- _EXERCISE_:
Using the listing below, set down exactly the lines starting at the line that contains "According to Census" and ending at the line that contains "Av.: Pięciopolowa tarcza", both included, and no others.

- _THE RECORDS_:
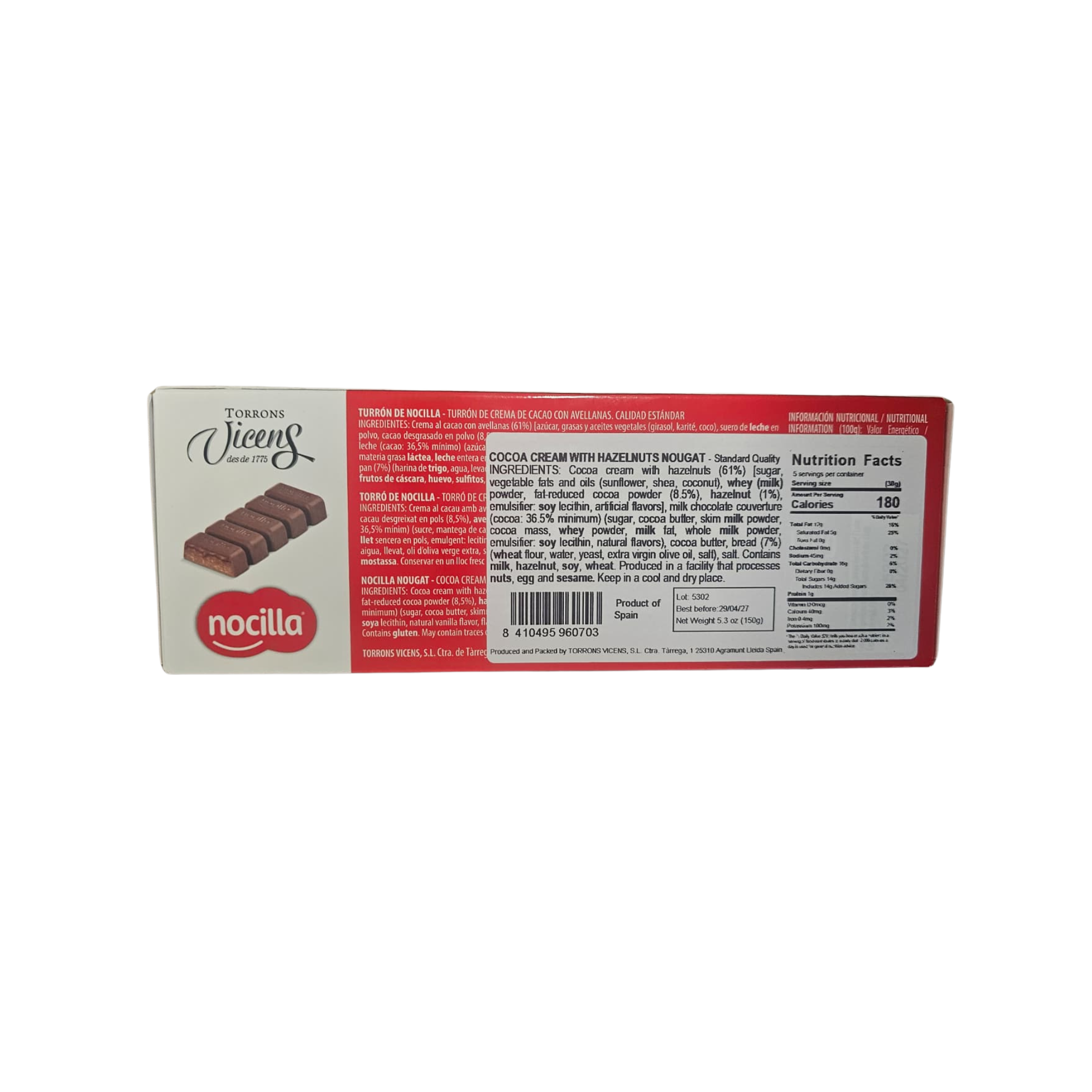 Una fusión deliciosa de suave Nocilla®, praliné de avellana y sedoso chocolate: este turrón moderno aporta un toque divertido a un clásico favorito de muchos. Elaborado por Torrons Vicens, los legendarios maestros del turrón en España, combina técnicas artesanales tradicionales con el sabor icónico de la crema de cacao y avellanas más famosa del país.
==
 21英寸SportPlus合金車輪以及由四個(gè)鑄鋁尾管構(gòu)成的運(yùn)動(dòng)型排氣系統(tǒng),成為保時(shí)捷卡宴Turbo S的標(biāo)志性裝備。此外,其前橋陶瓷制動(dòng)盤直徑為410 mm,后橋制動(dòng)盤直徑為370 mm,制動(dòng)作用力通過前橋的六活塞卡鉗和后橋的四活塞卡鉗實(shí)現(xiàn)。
---
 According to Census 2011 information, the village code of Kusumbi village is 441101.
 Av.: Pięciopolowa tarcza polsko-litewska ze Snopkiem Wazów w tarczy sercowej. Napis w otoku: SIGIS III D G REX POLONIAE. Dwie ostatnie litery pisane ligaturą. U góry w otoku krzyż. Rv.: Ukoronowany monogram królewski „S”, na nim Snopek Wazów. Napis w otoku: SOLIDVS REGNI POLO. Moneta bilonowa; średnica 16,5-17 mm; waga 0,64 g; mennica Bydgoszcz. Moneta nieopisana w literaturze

- _ANSWER SECTION_:
 According to Census 2011 information, the village code of Kusumbi village is 441101.
 Av.: Pięciopolowa tarcza polsko-litewska ze Snopkiem Wazów w tarczy sercowej. Napis w otoku: SIGIS III D G REX POLONIAE. Dwie ostatnie litery pisane ligaturą. U góry w otoku krzyż. Rv.: Ukoronowany monogram królewski „S”, na nim Snopek Wazów. Napis w otoku: SOLIDVS REGNI POLO. Moneta bilonowa; średnica 16,5-17 mm; waga 0,64 g; mennica Bydgoszcz. Moneta nieopisana w literaturze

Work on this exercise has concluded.